◆ Task statement:
Print exactly what appears from the line containing "1 on 1 personal" through the final line of the data below, pictures excluded.
*** Data extracts Section Begins ***
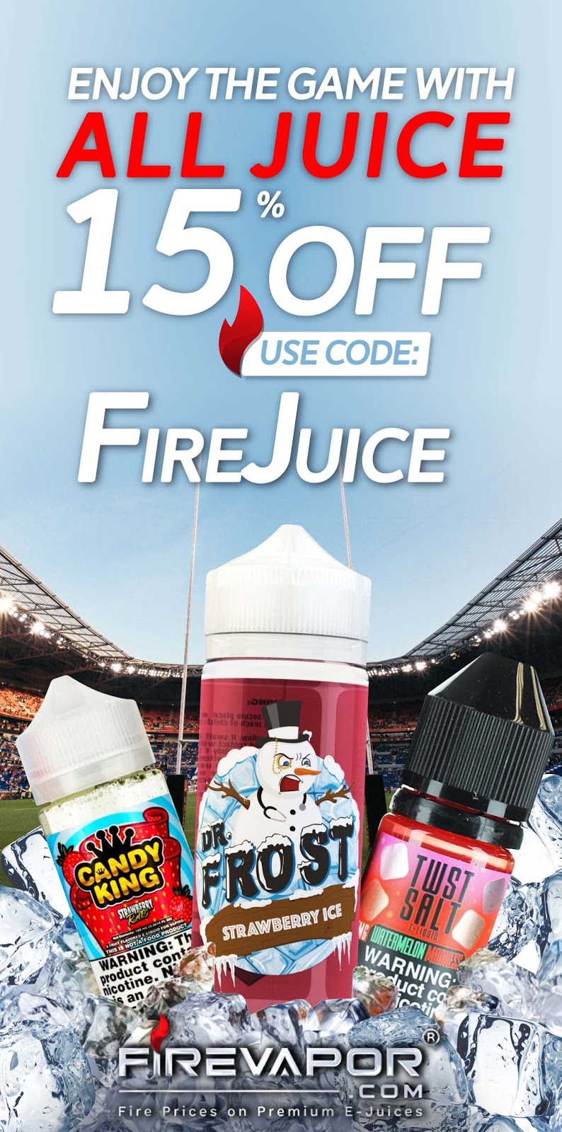 It's the big game and FireVapor is having a big sale! Everything is on sale! All juice, hardware, and replacement heads are on sale. Even items that are already discounted are still able to use the coupon code.
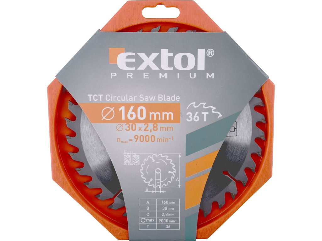 kotouč pilový s SK plátky, O 160x2,6x30mm, 36T, EXTOL PREMIUM
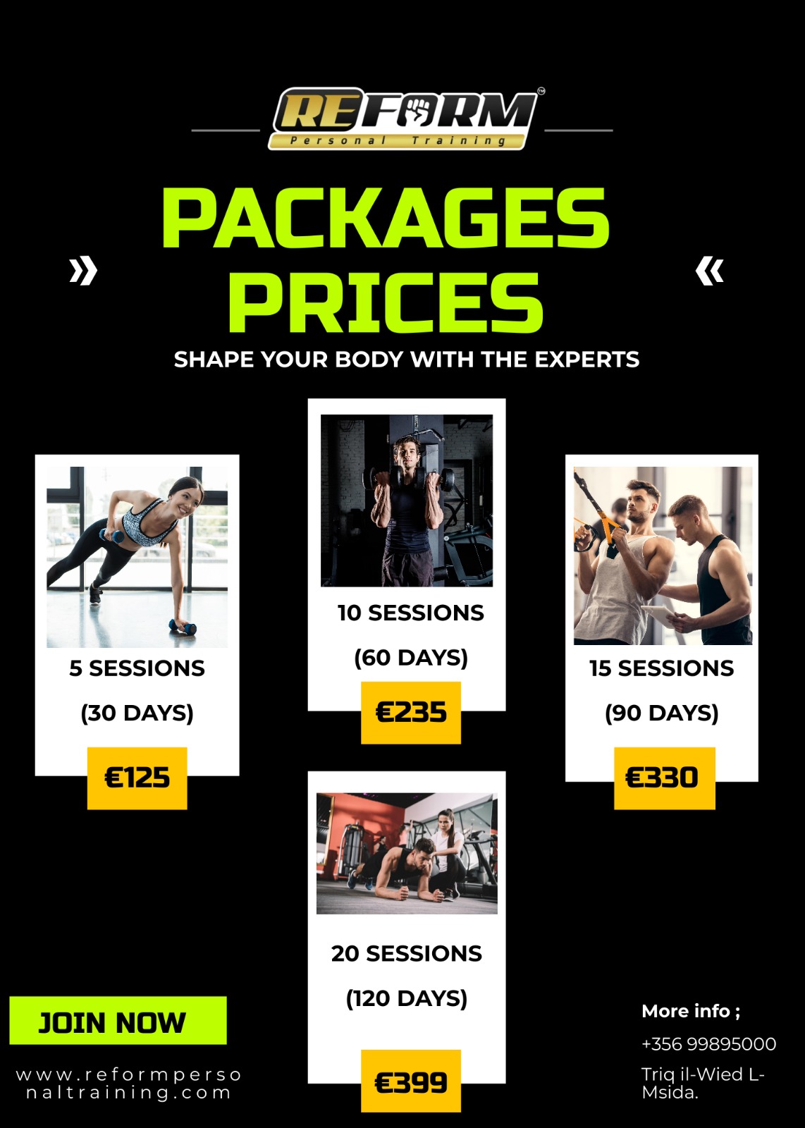 1 on 1 personal training sessions hosted at our fully equipped Msida Studio.
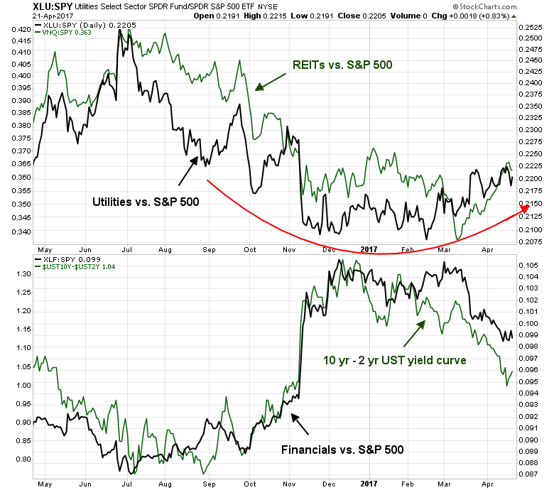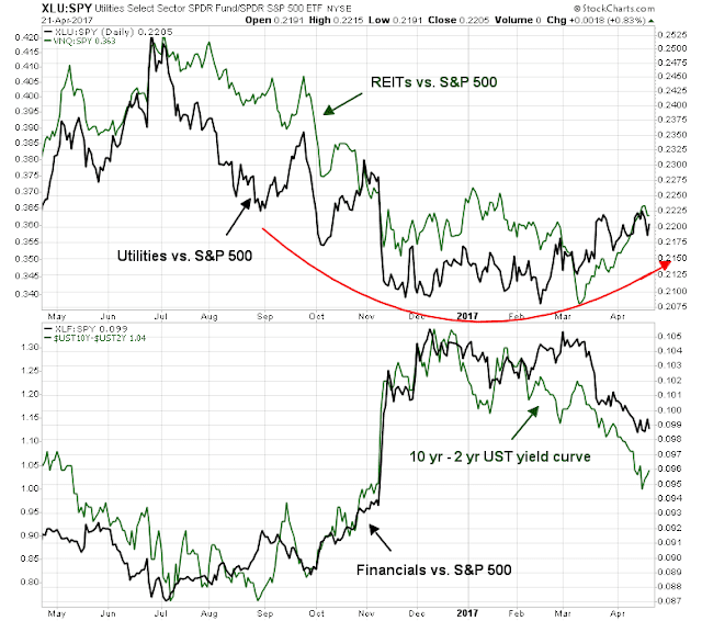 Here is a more detailed look at sectors, starting with the relative performance of the interest sensitive groups. The top panel below shows the relative returns of Utilities and REITs against the market. As the chart shows, these sectors are tracing out a rounding bottom relative to the market. The bottom panel shows the relative returns of Financials compared to the market. There has been much discussion in the blogosphere and social media about these stocks. As the chart shows, their relative returns have been highly correlated to the shape of the yield curve. A flattening yield curve has been detrimental to relative strength of Financial stocks.
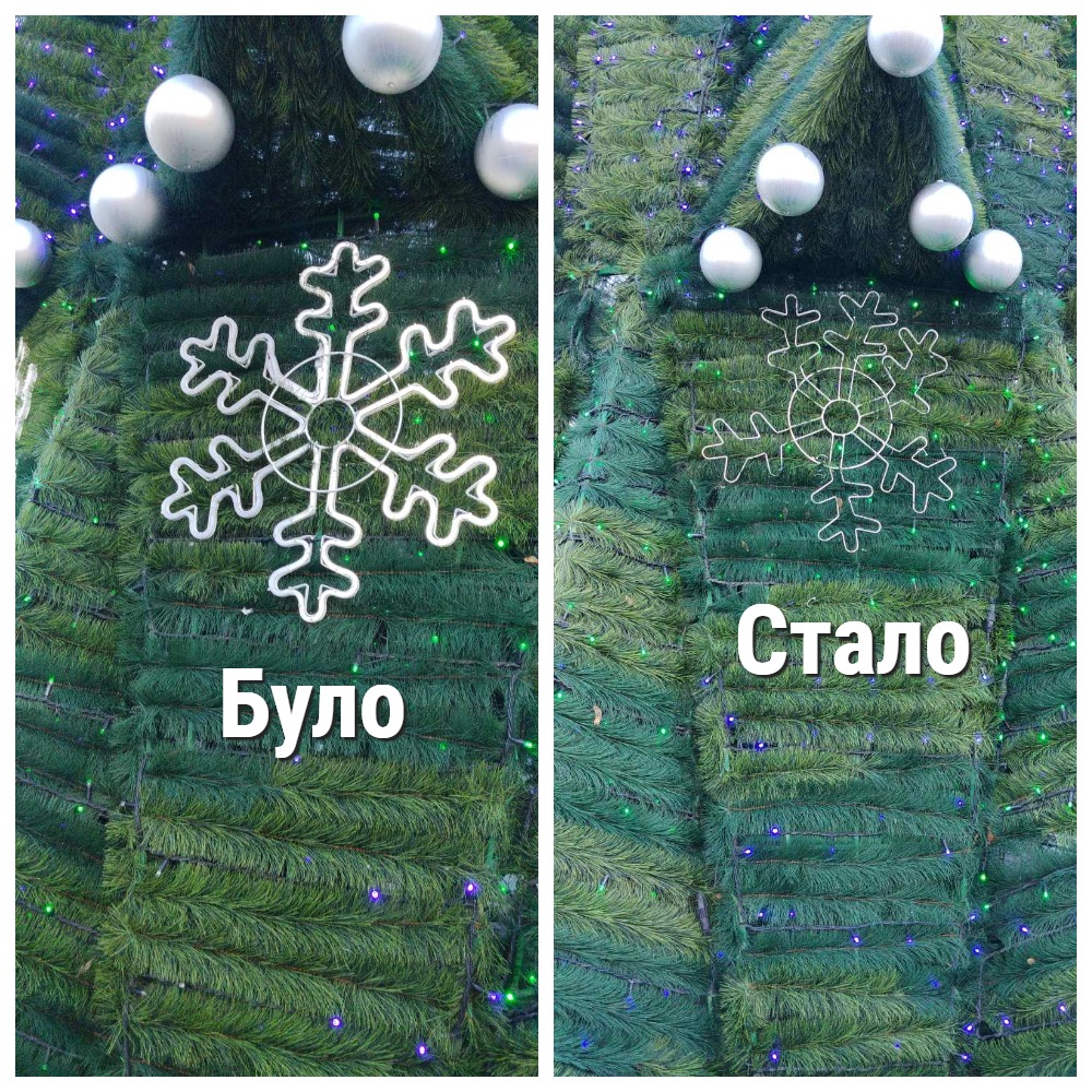 Отмечается, что главную красавицу района установили 5 декабря как часть новогоднего городка для детей и жителей района. Но уже через несколько дней из елки исчезли шарики, а чуть позже и световые снежинки.
*** Data extracts Section Ends ***
◆ Solution below:
 1 on 1 personal training sessions hosted at our fully equipped Msida Studio.
 Here is a more detailed look at sectors, starting with the relative performance of the interest sensitive groups. The top panel below shows the relative returns of Utilities and REITs against the market. As the chart shows, these sectors are tracing out a rounding bottom relative to the market. The bottom panel shows the relative returns of Financials compared to the market. There has been much discussion in the blogosphere and social media about these stocks. As the chart shows, their relative returns have been highly correlated to the shape of the yield curve. A flattening yield curve has been detrimental to relative strength of Financial stocks.
 Отмечается, что главную красавицу района установили 5 декабря как часть новогоднего городка для детей и жителей района. Но уже через несколько дней из елки исчезли шарики, а чуть позже и световые снежинки.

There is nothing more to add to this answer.